Na jego słowa coś we mnie pękło. "Odwdzięczać się"? "Miłość"? Gula narastająca w moim gardle stała się coraz większa. Na myśl, że miałbym mu dziękować za wszystkie jego uczynki, które przez lata poniżały mnie do stopnia, w którym zapomniałem jaka jest moja wartość czułem się wściekły. Przez tyle lat żyłem w mylnym przekonaniu, że powinienem się poddać, gdyż to jego sposób okazywania uczuć, że powinienem być dobrym chłopakiem i mu pozwalać zaspokoić swoje pragnienia oraz że nikt inny nigdy nie pokocha takiej osoby jak ja, że nie mam prawa być szczęśliwym. A wszystko to było wielkim kłamstwem i absurdem. Wystarczył tydzień wolności bym w końcu zrozumiał, że ta relacja zabija mnie, że w codziennym życiu jest tak wiele rzeczy, które sprawiają mi radość. Nawet jeśli miałbym czekać wieki na jeden spacer z Bokuto, czy zawsze odmawiać ukrytej za obojętnymi komentarzami trosce Kenmy albo wciąż czuć się niezręcznie w towarzystwie Kuroo to oddałbym wszystko żeby to mieć. Wreszcie obok byli ludzie, na których mogłem polegać, a nie jeden człowiek, który w moich oczach wyglądał jak okrutne bóstwo, któremu nie mogłem nic zrobić. Wreszcie pojawiło się we mnie pragnienie normalnego życia, którego bramy myślałem, że już dawno się przede mną zamknęły. Wreszcie miałem odwagę by postawić mu się mimo, że wiedziałem jak może się to dla mnie skończyć.
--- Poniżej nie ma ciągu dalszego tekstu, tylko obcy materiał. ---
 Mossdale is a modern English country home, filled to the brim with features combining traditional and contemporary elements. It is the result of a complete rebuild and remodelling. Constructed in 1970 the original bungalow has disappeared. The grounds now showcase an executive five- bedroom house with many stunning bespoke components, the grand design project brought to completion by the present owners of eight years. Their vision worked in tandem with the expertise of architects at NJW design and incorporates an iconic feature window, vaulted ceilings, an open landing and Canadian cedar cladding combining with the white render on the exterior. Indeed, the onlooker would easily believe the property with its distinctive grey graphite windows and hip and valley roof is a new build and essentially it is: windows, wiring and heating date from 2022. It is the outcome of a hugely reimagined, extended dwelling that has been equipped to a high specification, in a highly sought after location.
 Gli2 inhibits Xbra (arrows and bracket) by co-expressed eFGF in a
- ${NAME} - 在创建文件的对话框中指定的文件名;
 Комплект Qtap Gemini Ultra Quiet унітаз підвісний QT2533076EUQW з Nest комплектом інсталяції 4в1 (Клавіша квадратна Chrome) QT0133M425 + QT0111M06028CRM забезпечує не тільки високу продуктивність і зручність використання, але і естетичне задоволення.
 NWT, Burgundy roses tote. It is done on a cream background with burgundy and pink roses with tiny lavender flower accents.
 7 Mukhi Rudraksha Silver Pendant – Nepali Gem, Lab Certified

- NIE CHCĘ TWOJEJ POSRANEJ MIŁOŚCI! NIENAWIDZĘ CIĘ ZA TO CO MI ROBISZ! - wykrzyczałem wkładając w to wszystkie moje siły i całą skrywają złość i przerażenie, które towarzyszyło mi przez lata milczenia.

Za wypowiedzenie moich myśli dostałem kilka mocnych kopniaków w brzuch. Na ich skutek zabrakło mi tchu. Mimo to choć znacznie ciszej to wciąż próbowałem krzyczeć.

- Jesteś śmieciem!

- Nie wiesz co mówisz. Jesteś zaślepiony wizją życia, która nie jest prawdziwa! - krzyknął. - Kochasz mnie! To, że ze mną jesteś to największe szczęście jakie mogło Cię spotkać! Pamiętasz? Kiedyś mówiłeś, że zrobisz dla mnie wszystko!
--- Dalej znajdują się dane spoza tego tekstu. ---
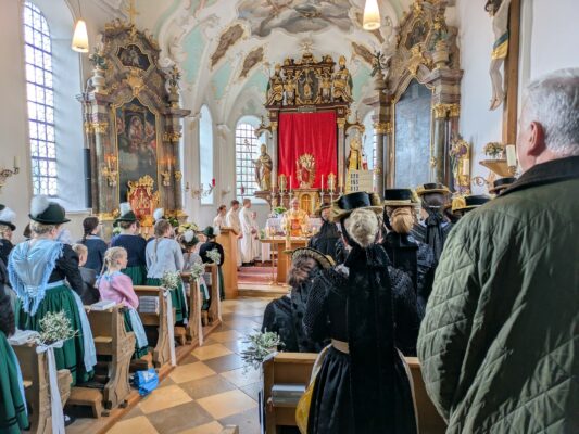Der Versammlung voraus ging der Kirchenzug und Gottesdienst. Der Kirchenzug startete wie gewohnt am Trachtenheim und wurde musikalisch von der Wildenwarter Blasmusik begleitet. Besonders erfreulich war die starke Beteiligung: Viele Vereinsmitglieder – von den Röckefrauen über die Aktiven und Kinder bis hin zu den Mannerleuten – waren in Tracht gekommen. Beim Gottesdienst in der Pfarrkirche St. Bartholomäus feierte der neue Seelsorger des Pfarrverbandes Westliches Chiemseeufer Pfarrvikar Amit Sinha Roy seine erste Messe in Hittenkirchen.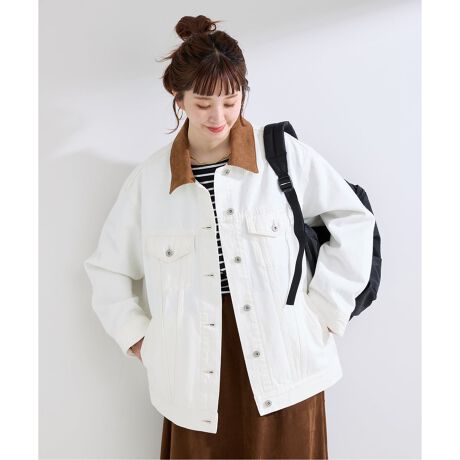配色のコーデュロイで切り替えた襟がポイントのデニムジャケット。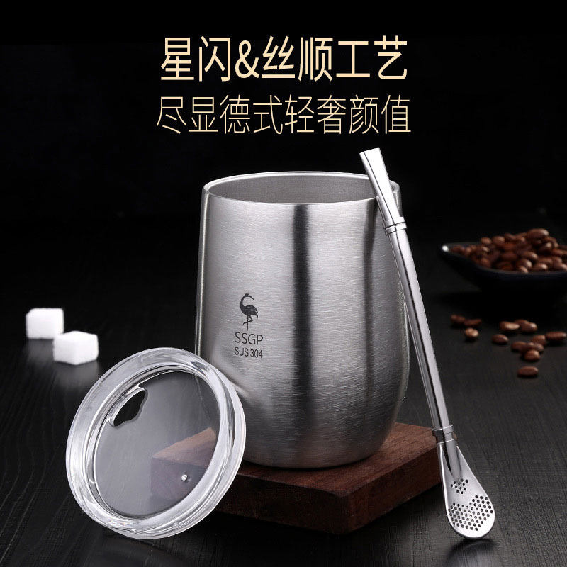 Stainless steel mouth cup Handy cup 304 water cup Steel cup with lid dropproof Single layer Student children's cup Coffee cup glass

Upierając się przy swoim ten coraz bardziej się nakręcał. Po skopaniu mnie kucnął nade mną i położył rękę na moim gołym brzuchu, który ujawniał się pod podwiniętą koszulą. Jego dotyk wywoływał we mnie wstręt, ale też i ból gdy naciskał palcami miejsca, które chwilę wcześniej uderzał. Ręką tą błądził po moim ciele jakby chciał mi pokazać, że każdy jego fragment jest jego własnością.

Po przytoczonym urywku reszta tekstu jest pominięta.